--- Task requirements ---
State the number of lines in the records underneath where the word "elmúlt" turns up, and say nothing else.

--- Given information ---

[Start of Attachment]

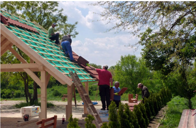
Középogárdon is számos fejlesztés történt az elmúlt évben

Számos EU-s pályázatot nyújtottunk be az elmúlt év során kizárólagosan önkormányzatok számára kiírt területeken. Ezek közé tartozik az önkormányzati intézmények biomasszával történő fűtése projekt, egy ipari park létrehozása a Malomközben, valamint a Művelődési Ház felújítására. A három projekt összértéke meghaladja a 300 millió forintot. Sajnálatos módon, ezeket a pályázatokat még nem bírálták el.
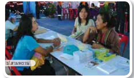
ป.สามพราน
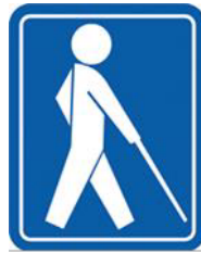
【盲人のための国際シンボルマーク】 所管：社会福祉法人日本盲人福祉委員会
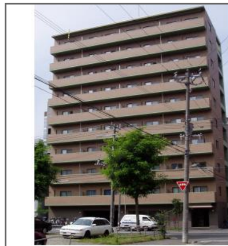
REAL NET PRO POWERED BY JAPAN BOOKS CO.,LTD.
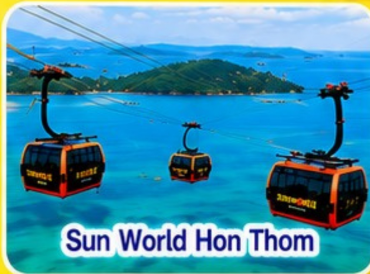
Sun World Hon Thom
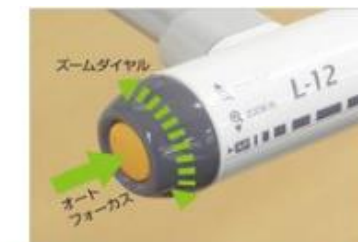
ズーム&フォーカス ボタンの操作
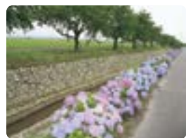
●清五郎排水路のあじさい
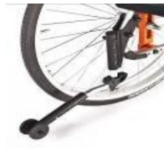
Kółko antywywrotne, odchylane, lewe
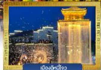
เมืองอู่หนี่โจว
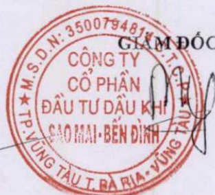
Phùng Như Dũng
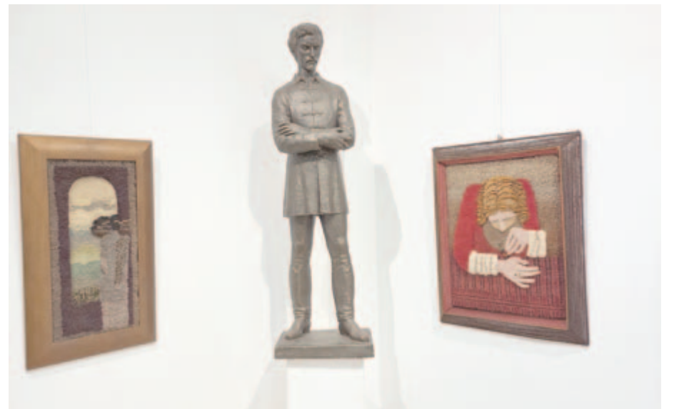
A jubileumi tárlat egy részlete a Bernády Házban
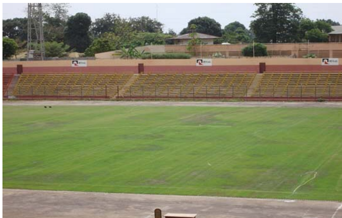
Stade Annexe 28 septembre, Conakry – Capacité d'accueil : 21 000 spectateurs.

Informations additionnels sur le programme: http://fr.fifa.com/mm/goalproject/WinAF_F.pdf
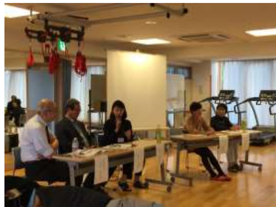
10月24日奈良ワークショップ・見学会
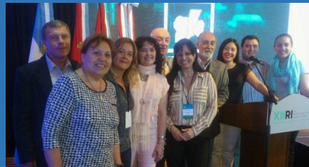
NUESTRA PARTICIPACION EN LA REGION CENTRO
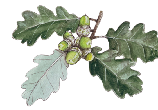
- ROVERELLA - Quercus pubescens
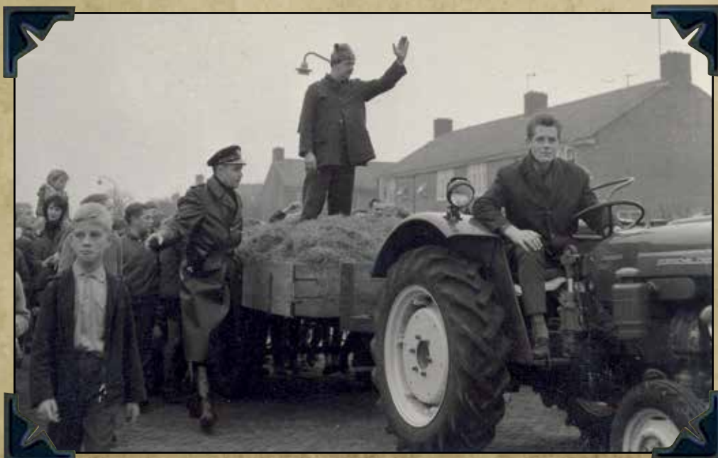
Begeleiding bij de opening drogisterij Smoorenberg in 1963 door Swiebertje...
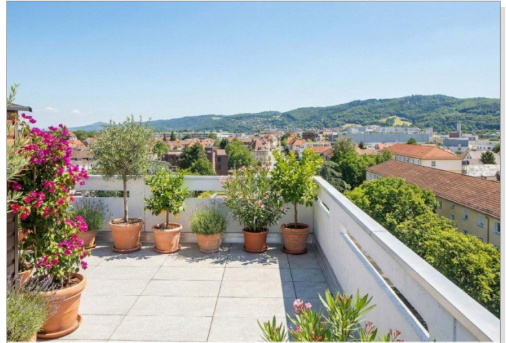
Terrasse mt Blick Bergstraße, virtuell möbliert
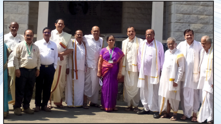
ಕಾಲೇಜಿನ ಹಿರಿಯ ವಿದ್ಯಾರ್ಥಿಗಳು ಬೇಟೆ ನೀಡಿದ ಸಂದರ್ಭ

[End of Attachment]

--- Answer space ---
2